▶ TASK TO CARRY OUT: From the material below, return exactly the lines starting at the one that holds "ソファには、ギャル系のミニスカートコーデの桜井 杏奈と、ボーイッシュなショートパンツ姿の青木 莉子がくつろいでいる。" and ending at the one that holds "Fangen Sie die". Pictures stay out of the answer.

▶ RECORDS TO PROCESS:

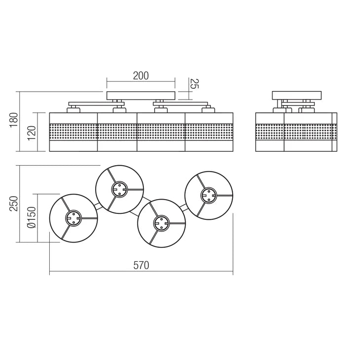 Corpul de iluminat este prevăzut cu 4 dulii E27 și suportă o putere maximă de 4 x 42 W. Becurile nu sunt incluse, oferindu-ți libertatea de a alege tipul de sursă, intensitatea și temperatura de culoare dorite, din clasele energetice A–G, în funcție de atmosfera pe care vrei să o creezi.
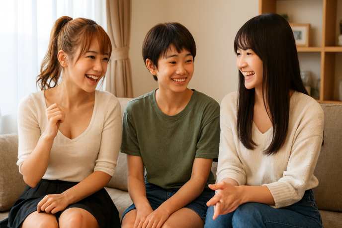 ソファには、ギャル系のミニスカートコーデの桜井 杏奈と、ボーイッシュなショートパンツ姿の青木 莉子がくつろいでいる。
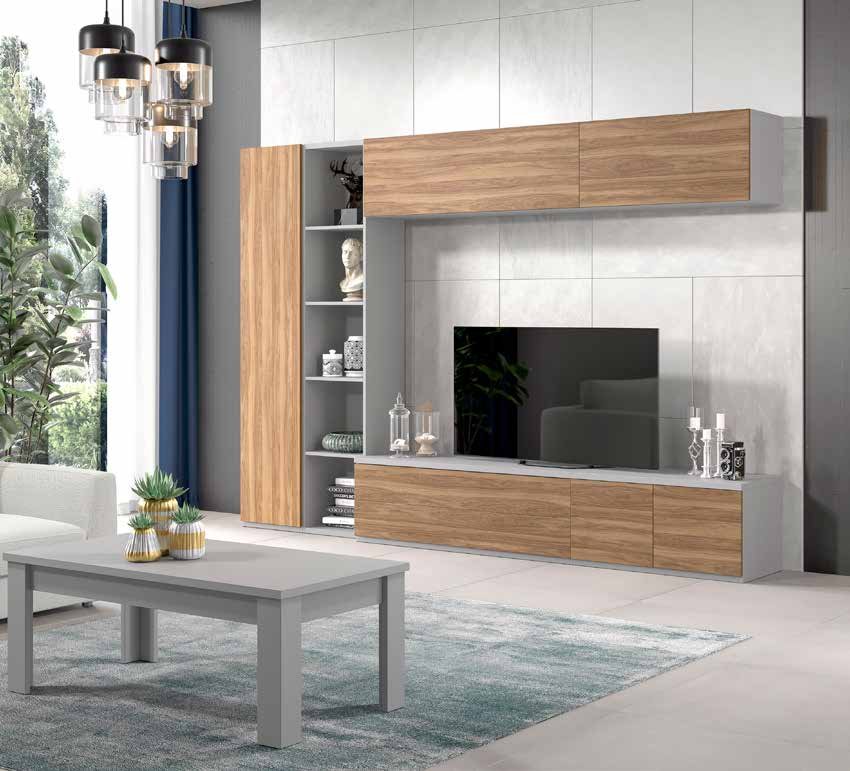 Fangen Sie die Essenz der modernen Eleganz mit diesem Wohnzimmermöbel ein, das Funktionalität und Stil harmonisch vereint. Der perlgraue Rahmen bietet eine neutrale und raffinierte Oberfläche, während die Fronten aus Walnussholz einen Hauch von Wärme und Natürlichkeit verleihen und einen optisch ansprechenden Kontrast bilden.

--

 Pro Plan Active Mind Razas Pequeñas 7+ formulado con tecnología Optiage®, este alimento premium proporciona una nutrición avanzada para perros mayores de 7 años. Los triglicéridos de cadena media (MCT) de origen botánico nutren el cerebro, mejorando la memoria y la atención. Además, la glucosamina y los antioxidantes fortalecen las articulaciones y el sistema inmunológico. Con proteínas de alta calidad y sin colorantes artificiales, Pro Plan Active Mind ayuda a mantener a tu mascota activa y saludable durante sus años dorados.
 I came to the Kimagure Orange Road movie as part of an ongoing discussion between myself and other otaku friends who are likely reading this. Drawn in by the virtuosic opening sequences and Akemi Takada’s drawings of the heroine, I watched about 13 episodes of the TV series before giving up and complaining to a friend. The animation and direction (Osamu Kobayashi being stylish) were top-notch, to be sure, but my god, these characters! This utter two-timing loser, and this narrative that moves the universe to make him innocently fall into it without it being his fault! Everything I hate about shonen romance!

▶ COMPLETED EXERCISE:
 ソファには、ギャル系のミニスカートコーデの桜井 杏奈と、ボーイッシュなショートパンツ姿の青木 莉子がくつろいでいる。
 Fangen Sie die Essenz der modernen Eleganz mit diesem Wohnzimmermöbel ein, das Funktionalität und Stil harmonisch vereint. Der perlgraue Rahmen bietet eine neutrale und raffinierte Oberfläche, während die Fronten aus Walnussholz einen Hauch von Wärme und Natürlichkeit verleihen und einen optisch ansprechenden Kontrast bilden.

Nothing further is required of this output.